For a poor person, the most pressing question everyday is “Can I afford a meal or must I skip?” And if I can afford a meal today, would it be Maggi? If you are a student in a public university, in 2 out of 5 days, your answer would be “yes”.

A poor person’s striving, therefore, is how to afford something that is not-Maggi. If you skipped too many meals, you are in trouble. If you had Maggi for too many days in a month, you have nothing to be proud of either.

That is why a commoner called Moza Rella was curious as to why ministers raced to take photos of their Maggi. “Why is it that ministers love to take photos of their Maggi? For a personwho has Maggi day and night like me, I haven’t thought of taking photos of it.”

Photos are typically taken to commemorate or share something with your friends and family. Why would a commoner share about their plain, protein-less Maggi, created from stirred hot water and powder, with only a hint of anything real? Why would anyone share something embarrassing?

For ministers, however, this is entertainment and leisure. Between their nutritious quinoa-led 5-meal-a-days, Maggi could act as a one-off guilty pleasure and a political weapon. Prepared by a house helper in a kitchen with ample fresh foods to feed the family many times over, Maggi is an excess by the powerful and wealthy. The high-sodium and TBHQ (chemical preservatives) content of Maggi could be washed down by detoxifying fruit juices with rare ingredients of beets, kale, ginger, and green apples.

It is tempting for ministers to show the people that they are on the same boat of suffering during the pandemic months. But the fundamental contrast in how ministers and commoners understand Maggi makes any photoshoot of eating Maggi almost pathetic.

“I am just like you”

At the heart of what ministers are trying to do with Maggi photos is appear relatable to the common Malaysian. More than saying they understand and they suffer the same way as the people, ministers are trying to show that, by eating Maggi, they are us.

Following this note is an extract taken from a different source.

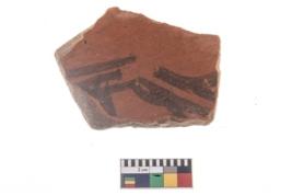 | Description / विवरण | Specimen of potsherd black on red painted pottery. It is fine fabric in sharp contrast with painted design are executed in black pigment. |

But no matter how much these ministers try, the system they inhabit would irretrievably enforce a permanent distance between them and the people.

The economic backdrop is important. Income inequality has worsened since 2016 and with the birth of the B50 category, the poor has become poorer. Unemployment and underemployment, business closures, wage levels, social protection access have all fallen into red. Economic relief programmes are ridden with quantum shortages, bureaucratic challenges, unequal and incomplete distribution.

And the most that ministers are willing to do is a three-month salary cut. Their current jobs remain secure, their pay from September remains certain, and their drivers, security, entertainment, telephone, helpers, house, vacation all remains intact.

In any system that demands a permanent distance between the ministers and the people, Maggi photos are symbolic at best, and insulting at worst.

But there is one last danger that is graver than the rest. By inadequately assuming the problems of the people, ministers are trivialising and cheapening the people’s real pain and suffering. In their attempt in saying “I am suffering just like you”, they have actually said “Your problems are so small, I could swallow them in one scoop.”